The MajesTEC-3 trial reported a three-year progression-free survival rate of 83 percent among patients receiving the teclistamab combination.
If these results translate into sustained remission across a wider patient population, the therapy could meaningfully alter expectations for relapse management. However, real-world data will be needed to determine whether the benefits observed in clinical trials remain consistent in routine practice.
Another factor clinicians will watch is how long patients remain on therapy. Continuous treatment regimens can create cumulative toxicity and adherence challenges, particularly in older populations that make up the majority of myeloma patients.
What safety and infection risks could limit widespread adoption of bispecific antibody regimens
While bispecific antibodies have demonstrated potent anti-tumor activity, they also carry distinct safety concerns.
One of the most widely discussed issues involves infection risk. Because these therapies redirect T cells and alter immune signaling, patients may experience immunosuppression that leaves them vulnerable to opportunistic infections.
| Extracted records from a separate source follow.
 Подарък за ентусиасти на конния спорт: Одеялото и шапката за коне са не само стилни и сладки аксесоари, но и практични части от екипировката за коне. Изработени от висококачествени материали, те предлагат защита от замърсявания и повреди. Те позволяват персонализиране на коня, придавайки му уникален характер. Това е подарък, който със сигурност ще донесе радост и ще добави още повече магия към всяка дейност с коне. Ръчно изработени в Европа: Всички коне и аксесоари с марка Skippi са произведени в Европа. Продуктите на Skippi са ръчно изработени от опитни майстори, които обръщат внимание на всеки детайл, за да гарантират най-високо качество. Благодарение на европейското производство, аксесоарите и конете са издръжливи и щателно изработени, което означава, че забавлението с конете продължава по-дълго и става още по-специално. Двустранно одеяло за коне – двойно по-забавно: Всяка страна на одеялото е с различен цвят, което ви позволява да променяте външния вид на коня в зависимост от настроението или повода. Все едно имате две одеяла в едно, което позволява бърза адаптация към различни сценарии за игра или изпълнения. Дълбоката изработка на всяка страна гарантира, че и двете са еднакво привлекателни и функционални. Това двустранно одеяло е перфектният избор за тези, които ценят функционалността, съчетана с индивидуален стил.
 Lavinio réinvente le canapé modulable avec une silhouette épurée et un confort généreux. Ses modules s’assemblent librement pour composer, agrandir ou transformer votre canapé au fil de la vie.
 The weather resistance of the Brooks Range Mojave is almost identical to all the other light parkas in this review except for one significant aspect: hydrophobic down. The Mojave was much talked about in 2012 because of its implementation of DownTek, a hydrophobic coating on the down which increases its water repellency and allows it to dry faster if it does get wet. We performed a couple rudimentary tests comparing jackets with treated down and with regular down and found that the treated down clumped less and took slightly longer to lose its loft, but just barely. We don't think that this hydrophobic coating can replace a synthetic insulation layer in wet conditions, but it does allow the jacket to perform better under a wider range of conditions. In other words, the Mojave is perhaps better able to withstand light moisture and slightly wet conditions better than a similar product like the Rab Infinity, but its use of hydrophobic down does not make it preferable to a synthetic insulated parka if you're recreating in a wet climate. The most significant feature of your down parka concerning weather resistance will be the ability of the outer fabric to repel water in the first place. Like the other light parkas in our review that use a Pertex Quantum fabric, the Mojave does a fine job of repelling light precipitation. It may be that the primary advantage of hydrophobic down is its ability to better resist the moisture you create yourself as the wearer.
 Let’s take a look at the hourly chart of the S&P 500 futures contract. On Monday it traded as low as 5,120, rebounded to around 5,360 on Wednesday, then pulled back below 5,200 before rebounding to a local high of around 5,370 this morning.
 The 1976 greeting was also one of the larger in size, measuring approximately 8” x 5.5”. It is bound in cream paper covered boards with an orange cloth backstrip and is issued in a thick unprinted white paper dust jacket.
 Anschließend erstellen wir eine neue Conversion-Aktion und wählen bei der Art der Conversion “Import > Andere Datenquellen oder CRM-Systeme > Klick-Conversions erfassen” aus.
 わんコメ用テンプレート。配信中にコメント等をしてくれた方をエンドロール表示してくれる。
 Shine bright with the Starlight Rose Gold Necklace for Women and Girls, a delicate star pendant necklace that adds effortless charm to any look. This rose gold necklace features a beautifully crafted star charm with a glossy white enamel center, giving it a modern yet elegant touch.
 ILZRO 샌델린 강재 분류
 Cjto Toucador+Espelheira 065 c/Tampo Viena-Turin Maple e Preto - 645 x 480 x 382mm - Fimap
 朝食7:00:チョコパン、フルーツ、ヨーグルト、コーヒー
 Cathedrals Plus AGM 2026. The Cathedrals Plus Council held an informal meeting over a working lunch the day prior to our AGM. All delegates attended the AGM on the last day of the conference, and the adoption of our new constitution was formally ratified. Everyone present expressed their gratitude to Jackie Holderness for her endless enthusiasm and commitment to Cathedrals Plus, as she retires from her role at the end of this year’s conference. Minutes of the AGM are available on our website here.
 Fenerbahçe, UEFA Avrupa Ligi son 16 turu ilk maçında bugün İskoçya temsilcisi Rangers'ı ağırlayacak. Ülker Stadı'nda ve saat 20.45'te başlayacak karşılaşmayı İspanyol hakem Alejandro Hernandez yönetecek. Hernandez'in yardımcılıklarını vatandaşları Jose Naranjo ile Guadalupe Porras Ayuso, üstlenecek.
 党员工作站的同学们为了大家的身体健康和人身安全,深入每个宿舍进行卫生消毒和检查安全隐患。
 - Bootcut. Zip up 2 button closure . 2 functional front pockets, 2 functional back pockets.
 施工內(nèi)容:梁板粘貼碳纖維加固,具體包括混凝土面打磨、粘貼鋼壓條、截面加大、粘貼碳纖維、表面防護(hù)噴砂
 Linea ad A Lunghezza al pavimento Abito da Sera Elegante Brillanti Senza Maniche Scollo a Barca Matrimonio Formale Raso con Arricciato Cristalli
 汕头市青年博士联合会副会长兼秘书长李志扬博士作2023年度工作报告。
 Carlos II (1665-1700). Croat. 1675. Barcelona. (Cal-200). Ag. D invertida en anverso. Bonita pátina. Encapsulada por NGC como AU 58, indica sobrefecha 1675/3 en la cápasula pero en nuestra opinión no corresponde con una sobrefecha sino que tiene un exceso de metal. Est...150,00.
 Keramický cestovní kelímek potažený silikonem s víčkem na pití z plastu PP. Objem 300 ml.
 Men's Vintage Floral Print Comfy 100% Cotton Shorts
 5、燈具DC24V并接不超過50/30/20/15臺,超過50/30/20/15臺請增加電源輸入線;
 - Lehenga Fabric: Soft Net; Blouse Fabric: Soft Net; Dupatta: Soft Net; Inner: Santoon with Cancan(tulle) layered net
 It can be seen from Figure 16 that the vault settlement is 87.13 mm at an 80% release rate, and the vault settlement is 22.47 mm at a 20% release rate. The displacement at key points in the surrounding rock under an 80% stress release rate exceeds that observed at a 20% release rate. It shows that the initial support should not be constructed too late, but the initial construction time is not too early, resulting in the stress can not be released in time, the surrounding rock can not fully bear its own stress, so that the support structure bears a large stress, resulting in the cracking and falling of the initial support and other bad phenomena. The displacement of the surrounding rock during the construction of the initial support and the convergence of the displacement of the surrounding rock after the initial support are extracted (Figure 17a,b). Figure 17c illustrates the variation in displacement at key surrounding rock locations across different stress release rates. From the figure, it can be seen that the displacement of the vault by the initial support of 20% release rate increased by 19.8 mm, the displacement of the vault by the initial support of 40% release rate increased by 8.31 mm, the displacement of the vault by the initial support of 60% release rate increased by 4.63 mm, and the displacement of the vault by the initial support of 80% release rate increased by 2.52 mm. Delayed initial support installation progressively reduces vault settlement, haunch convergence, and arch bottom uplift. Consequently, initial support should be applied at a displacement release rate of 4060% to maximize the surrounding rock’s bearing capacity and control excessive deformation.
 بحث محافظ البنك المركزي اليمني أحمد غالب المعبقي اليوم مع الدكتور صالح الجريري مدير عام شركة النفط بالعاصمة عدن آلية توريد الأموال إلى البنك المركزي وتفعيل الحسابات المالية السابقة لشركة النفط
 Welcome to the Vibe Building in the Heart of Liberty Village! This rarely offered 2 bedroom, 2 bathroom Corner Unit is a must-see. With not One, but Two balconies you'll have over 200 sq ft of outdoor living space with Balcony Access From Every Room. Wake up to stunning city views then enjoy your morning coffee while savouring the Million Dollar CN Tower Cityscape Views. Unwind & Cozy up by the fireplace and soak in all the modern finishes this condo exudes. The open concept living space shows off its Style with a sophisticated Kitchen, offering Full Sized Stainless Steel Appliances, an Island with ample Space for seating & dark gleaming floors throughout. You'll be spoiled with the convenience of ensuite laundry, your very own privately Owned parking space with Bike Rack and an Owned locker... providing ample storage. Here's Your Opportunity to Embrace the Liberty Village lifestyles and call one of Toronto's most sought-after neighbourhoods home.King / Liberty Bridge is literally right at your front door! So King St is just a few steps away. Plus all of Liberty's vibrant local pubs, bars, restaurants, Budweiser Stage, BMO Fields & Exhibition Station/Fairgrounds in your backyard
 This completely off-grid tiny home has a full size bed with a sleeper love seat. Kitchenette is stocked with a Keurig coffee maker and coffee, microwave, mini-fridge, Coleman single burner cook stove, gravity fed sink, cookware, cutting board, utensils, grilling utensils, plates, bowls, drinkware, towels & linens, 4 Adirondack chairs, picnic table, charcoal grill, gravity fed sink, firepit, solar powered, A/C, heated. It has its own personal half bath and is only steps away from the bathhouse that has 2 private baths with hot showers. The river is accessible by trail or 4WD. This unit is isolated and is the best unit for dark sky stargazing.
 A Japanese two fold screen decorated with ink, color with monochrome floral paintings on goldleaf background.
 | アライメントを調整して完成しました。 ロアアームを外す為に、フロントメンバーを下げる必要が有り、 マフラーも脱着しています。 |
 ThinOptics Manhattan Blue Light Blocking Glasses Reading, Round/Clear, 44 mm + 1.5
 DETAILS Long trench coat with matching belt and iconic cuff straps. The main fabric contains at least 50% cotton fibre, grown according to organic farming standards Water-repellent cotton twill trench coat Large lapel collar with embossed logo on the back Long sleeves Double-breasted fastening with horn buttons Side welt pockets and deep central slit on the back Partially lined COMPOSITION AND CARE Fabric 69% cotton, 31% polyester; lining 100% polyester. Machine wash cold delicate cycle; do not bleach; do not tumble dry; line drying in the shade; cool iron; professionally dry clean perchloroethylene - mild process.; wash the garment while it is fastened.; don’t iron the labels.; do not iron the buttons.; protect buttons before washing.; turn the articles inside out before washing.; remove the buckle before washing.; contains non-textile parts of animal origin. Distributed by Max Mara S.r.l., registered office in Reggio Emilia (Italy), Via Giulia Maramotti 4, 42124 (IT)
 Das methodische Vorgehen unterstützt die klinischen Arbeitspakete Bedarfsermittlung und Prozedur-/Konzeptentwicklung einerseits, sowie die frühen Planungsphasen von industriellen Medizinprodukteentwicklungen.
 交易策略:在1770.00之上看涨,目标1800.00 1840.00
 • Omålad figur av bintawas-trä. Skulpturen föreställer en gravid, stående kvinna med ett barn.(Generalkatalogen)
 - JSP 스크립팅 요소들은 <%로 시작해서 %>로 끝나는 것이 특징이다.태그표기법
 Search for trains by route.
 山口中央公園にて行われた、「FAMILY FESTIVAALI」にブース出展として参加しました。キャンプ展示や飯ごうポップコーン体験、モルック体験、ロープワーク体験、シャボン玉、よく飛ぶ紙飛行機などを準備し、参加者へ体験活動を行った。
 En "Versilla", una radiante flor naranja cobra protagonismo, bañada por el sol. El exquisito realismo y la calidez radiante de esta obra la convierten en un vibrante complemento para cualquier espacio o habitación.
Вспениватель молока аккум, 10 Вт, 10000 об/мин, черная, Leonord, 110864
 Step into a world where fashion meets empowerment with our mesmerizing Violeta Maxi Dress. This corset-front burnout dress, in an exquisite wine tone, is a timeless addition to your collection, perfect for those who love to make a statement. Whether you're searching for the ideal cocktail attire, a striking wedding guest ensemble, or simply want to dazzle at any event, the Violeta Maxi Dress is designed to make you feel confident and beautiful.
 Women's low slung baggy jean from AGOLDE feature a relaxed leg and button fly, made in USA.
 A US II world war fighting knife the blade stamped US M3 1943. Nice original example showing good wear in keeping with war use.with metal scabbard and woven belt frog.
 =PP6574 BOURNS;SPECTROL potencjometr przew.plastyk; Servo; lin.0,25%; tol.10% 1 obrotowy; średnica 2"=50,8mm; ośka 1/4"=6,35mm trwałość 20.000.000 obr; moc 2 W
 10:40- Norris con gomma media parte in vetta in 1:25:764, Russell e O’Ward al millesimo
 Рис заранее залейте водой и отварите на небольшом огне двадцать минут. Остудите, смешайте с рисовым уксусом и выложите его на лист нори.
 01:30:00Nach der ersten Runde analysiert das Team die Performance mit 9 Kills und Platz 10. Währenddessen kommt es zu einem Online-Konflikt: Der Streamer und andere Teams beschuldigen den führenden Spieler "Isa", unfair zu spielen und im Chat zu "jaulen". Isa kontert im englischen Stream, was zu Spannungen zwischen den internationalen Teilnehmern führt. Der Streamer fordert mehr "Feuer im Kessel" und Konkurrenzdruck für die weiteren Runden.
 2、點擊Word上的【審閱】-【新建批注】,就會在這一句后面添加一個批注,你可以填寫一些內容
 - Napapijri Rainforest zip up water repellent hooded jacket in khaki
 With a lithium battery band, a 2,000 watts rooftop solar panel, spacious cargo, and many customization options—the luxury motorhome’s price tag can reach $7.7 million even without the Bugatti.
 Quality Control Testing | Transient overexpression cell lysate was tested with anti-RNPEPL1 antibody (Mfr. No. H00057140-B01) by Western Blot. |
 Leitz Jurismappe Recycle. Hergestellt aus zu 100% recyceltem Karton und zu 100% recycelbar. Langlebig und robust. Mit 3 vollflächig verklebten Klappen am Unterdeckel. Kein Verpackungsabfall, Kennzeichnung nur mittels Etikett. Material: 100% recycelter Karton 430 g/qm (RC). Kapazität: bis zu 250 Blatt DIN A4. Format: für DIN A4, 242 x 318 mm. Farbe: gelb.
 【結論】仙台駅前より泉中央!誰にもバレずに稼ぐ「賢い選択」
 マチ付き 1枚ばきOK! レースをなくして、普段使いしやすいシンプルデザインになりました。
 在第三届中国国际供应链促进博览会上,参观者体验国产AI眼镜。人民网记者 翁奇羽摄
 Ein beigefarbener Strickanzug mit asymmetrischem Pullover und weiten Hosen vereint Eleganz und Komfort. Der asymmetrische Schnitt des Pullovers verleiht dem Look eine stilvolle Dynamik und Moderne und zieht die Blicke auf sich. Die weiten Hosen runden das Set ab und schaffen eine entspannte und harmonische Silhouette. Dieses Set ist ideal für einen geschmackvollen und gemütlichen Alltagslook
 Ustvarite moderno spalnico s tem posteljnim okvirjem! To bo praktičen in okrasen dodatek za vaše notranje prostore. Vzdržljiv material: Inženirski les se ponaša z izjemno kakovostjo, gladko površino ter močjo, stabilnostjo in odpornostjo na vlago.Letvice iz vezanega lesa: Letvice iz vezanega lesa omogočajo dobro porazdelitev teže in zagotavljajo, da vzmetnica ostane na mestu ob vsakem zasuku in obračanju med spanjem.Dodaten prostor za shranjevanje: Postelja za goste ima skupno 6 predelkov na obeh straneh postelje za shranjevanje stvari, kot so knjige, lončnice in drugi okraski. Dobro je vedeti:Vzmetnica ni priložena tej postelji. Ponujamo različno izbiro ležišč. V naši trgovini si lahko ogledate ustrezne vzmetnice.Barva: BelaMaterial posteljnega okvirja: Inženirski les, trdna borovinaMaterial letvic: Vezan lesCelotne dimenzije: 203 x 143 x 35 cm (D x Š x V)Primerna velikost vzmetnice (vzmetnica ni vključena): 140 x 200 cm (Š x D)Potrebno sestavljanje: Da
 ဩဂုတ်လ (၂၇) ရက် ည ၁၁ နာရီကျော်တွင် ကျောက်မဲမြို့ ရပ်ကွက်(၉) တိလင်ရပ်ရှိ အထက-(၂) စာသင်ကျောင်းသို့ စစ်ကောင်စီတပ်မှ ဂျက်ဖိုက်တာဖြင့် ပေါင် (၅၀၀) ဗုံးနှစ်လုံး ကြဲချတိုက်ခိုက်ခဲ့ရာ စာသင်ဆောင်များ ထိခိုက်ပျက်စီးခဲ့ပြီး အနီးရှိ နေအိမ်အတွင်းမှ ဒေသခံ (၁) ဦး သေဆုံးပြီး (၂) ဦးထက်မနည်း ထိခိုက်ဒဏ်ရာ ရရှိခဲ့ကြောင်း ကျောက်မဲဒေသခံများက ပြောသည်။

Clinical experience with BCMA-targeted bispecific antibodies has already revealed higher rates of infections compared with some traditional therapies. Monitoring strategies, prophylactic antimicrobials, and vaccination protocols may become increasingly important if these drugs move earlier in the treatment pathway.
Cytokine release syndrome is another safety concern. Although typically less severe than with CAR-T cell therapies, the immune activation triggered by bispecific antibodies can still cause fever, hypotension, and other systemic symptoms.
Managing these events requires careful monitoring during early treatment cycles, which may influence how quickly community oncology practices adopt the regimen.
How competition among BCMA-targeted therapies may reshape pricing and access dynamics
The approval also arrives amid intensifying competition in the BCMA therapeutic space.
Several CAR-T cell therapies targeting BCMA have already reached the market, and multiple bispecific antibodies are progressing through late-stage trials. As more agents targeting the same antigen emerge, physicians will face a growing array of treatment options.
This competitive landscape could influence both clinical decision-making and pricing dynamics. If multiple BCMA-directed therapies demonstrate similar efficacy, factors such as administration convenience, toxicity profiles, and cost may play larger roles in determining which regimens become standard practice.
Drug developers are also exploring alternative targets such as GPRC5D and FcRH5, which may eventually expand treatment options beyond BCMA.
What regulators and clinicians will watch next as bispecific therapy expands across earlier treatment lines
The approval of teclistamab with daratumumab represents another step in the ongoing evolution of immunotherapy in multiple myeloma.
Regulatory watchers will likely pay close attention to how bispecific antibodies perform when used earlier in the disease course. Historically, therapies that show strong results in refractory disease do not always maintain the same advantage when introduced sooner.
Another issue involves sequencing. As more immunotherapies become available, clinicians must determine the optimal order in which to deploy them. Using BCMA-targeted therapies earlier could potentially affect the effectiveness of subsequent treatments that rely on the same antigen.
Industry observers believe future trials will increasingly focus on combination strategies involving multiple immune-based mechanisms. The goal will be to achieve deeper responses while avoiding overlapping toxicities.
For the moment, the teclistamab and daratumumab approval reinforces a broader reality in oncology drug development. The field is moving steadily toward immune-directed combinations that attempt to harness multiple biological pathways simultaneously.
Whether this strategy ultimately produces longer survival or simply adds complexity to already crowded treatment algorithms remains an open question that clinicians and regulators will continue to monitor closely.